> **EXCERPTED RECORDS**:
—————
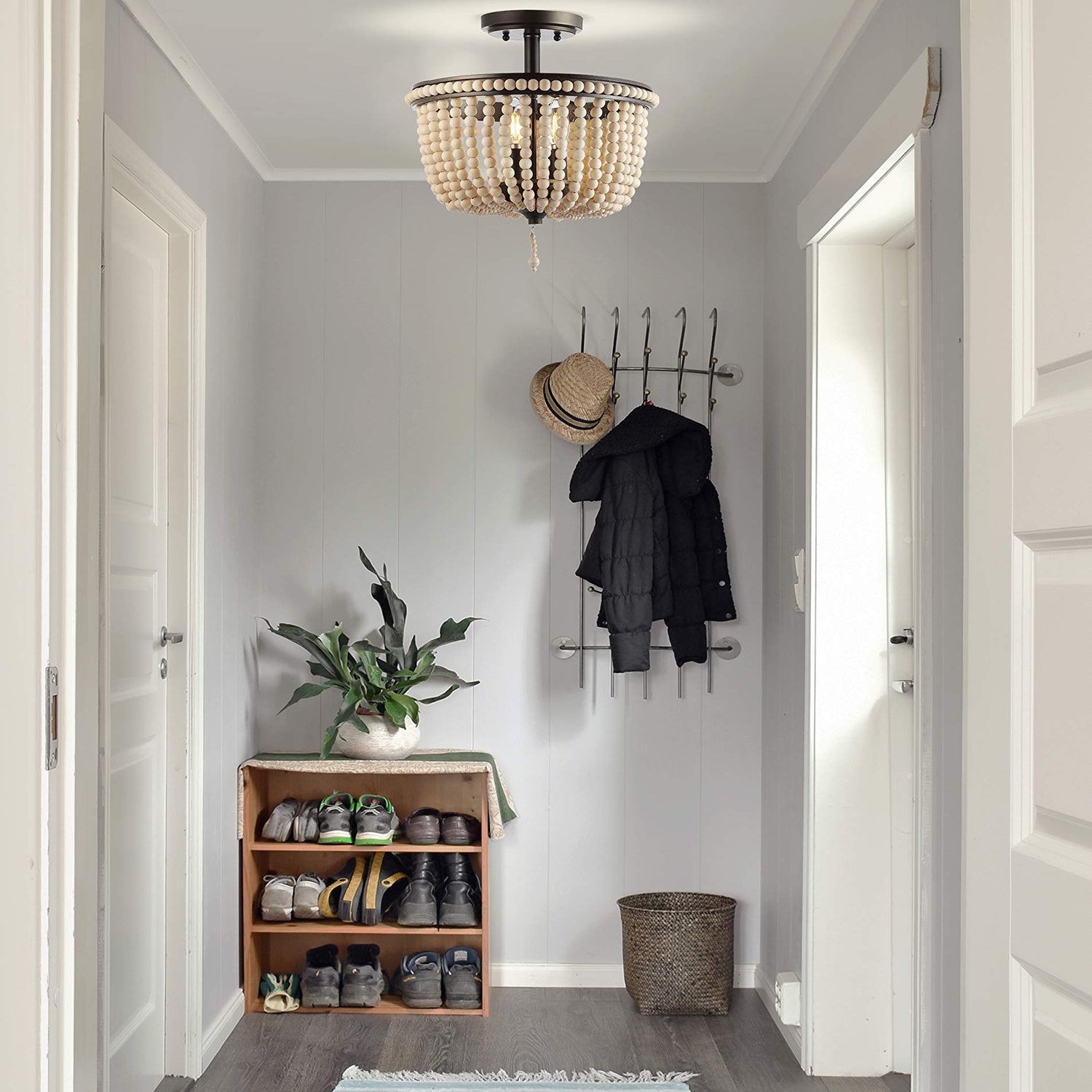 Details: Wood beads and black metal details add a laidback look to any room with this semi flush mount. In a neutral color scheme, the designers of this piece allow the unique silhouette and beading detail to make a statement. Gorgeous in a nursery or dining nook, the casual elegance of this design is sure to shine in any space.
—————
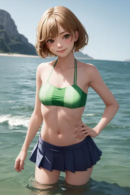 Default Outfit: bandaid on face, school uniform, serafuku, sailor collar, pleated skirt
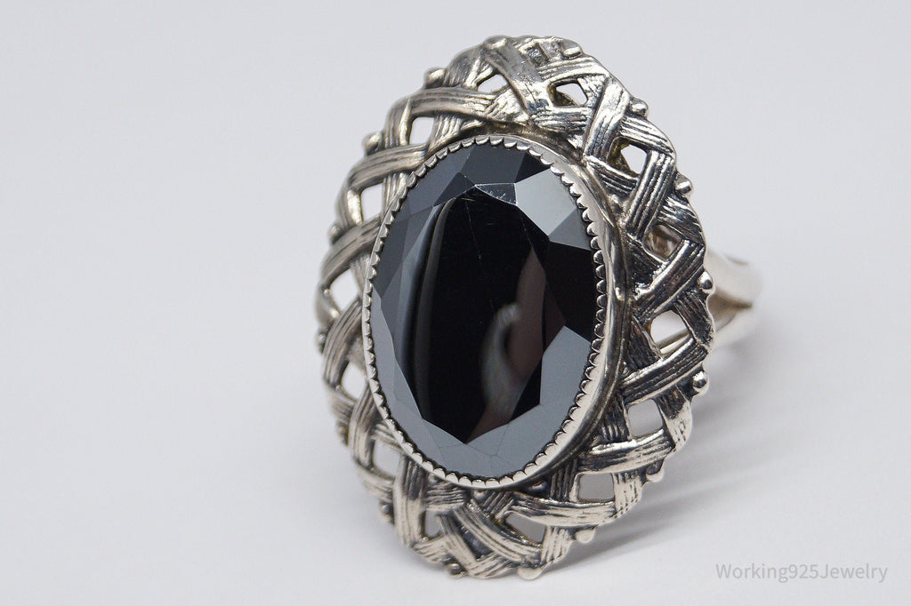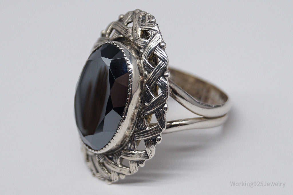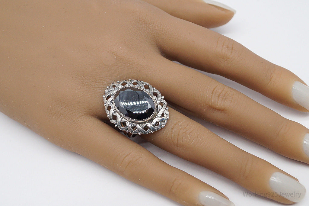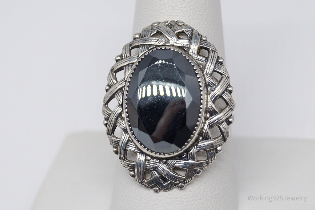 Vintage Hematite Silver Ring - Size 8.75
—————
> **YOUR GOAL**:
Each line above that falls between the line with "Default Outfit: bandaid" and the line with "Vintage Hematite Silver Ring - Size 8.75" should be printed exactly, together with those two lines, but the pictures should not.

> **COMPLETED EXERCISE**:
 Default Outfit: bandaid on face, school uniform, serafuku, sailor collar, pleated skirt
 Vintage Hematite Silver Ring - Size 8.75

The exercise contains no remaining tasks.